■ **Problem details**:
Every picture should be left out, but the lines below must be repeated exactly.

---------- Supplied information

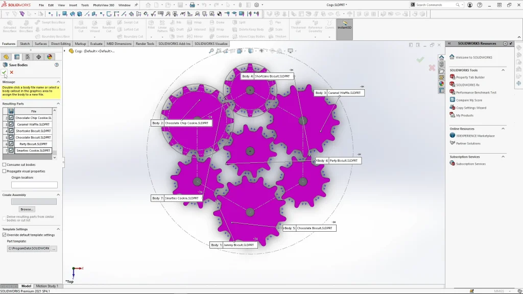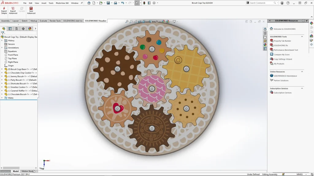 All of the cog solid bodies were all renamed to the corresponding biscuit design, that way when I opened them up as individual part files, I could apply appearances and my custom biscuit decals. I have added the finished cogs to the download file, I don’t demonstrate adding the decals or appearances in the tutorial, but you can play around with the deals from the file if you wish to, or you can use my cogs for the final assembly. In the assembly I do show you how to add a handle extrusion to the waffle style biscuit, this would be used for the play aspect of the toy, but it is also the cog I add the motor to in the motion study further on into the tutorial.
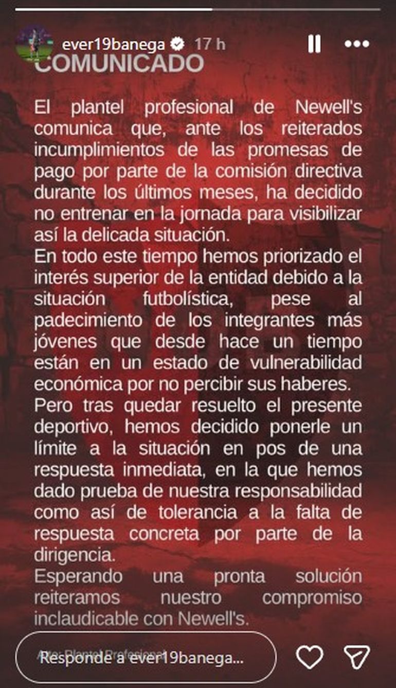 "El plantel profesional de Newell's comunica que, ante los reiterados incumplimientos de las promesas de pago por parte de la comisión directiva durante los últimos meses, ha decidido no entrenar en la jornada para visibilizar así la delicada situación. En todo este tiempo hemos priorizado el interés superior de la entidad debido a la situación futbolística, pese al padecimiento de los integrantes más jóvenes que desde hace un tiempo están en un estado de vulnerabilidad económica por no percibir sus haberes. Pero tras quedar resuelto el presente deportivo, hemos decidido ponerle un límite a la situación en pos de una respuesta inmediata, en la que hemos dado prueba de nuestra responsabilidad como así de tolerancia a la falta de respuesta concreta por parte de la dirigencia. Esperando una pronta solución reiteramos nuestro compromiso inclaudicable con Newell's".
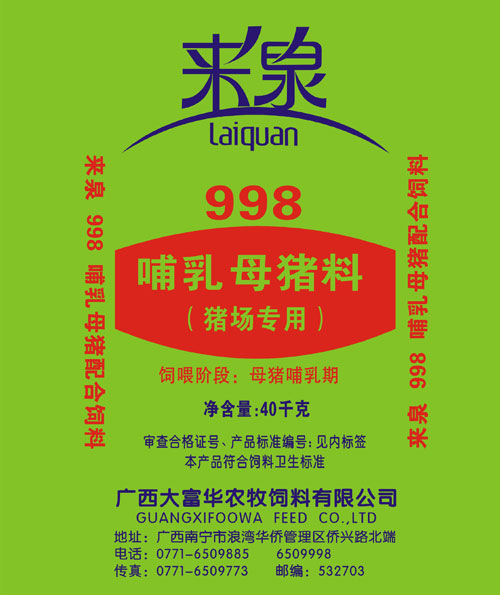 來泉998哺乳母豬料(豬場專用)

--------------------

■ **Exercise answer**:
 All of the cog solid bodies were all renamed to the corresponding biscuit design, that way when I opened them up as individual part files, I could apply appearances and my custom biscuit decals. I have added the finished cogs to the download file, I don’t demonstrate adding the decals or appearances in the tutorial, but you can play around with the deals from the file if you wish to, or you can use my cogs for the final assembly. In the assembly I do show you how to add a handle extrusion to the waffle style biscuit, this would be used for the play aspect of the toy, but it is also the cog I add the motor to in the motion study further on into the tutorial.
 "El plantel profesional de Newell's comunica que, ante los reiterados incumplimientos de las promesas de pago por parte de la comisión directiva durante los últimos meses, ha decidido no entrenar en la jornada para visibilizar así la delicada situación. En todo este tiempo hemos priorizado el interés superior de la entidad debido a la situación futbolística, pese al padecimiento de los integrantes más jóvenes que desde hace un tiempo están en un estado de vulnerabilidad económica por no percibir sus haberes. Pero tras quedar resuelto el presente deportivo, hemos decidido ponerle un límite a la situación en pos de una respuesta inmediata, en la que hemos dado prueba de nuestra responsabilidad como así de tolerancia a la falta de respuesta concreta por parte de la dirigencia. Esperando una pronta solución reiteramos nuestro compromiso inclaudicable con Newell's".
 來泉998哺乳母豬料(豬場專用)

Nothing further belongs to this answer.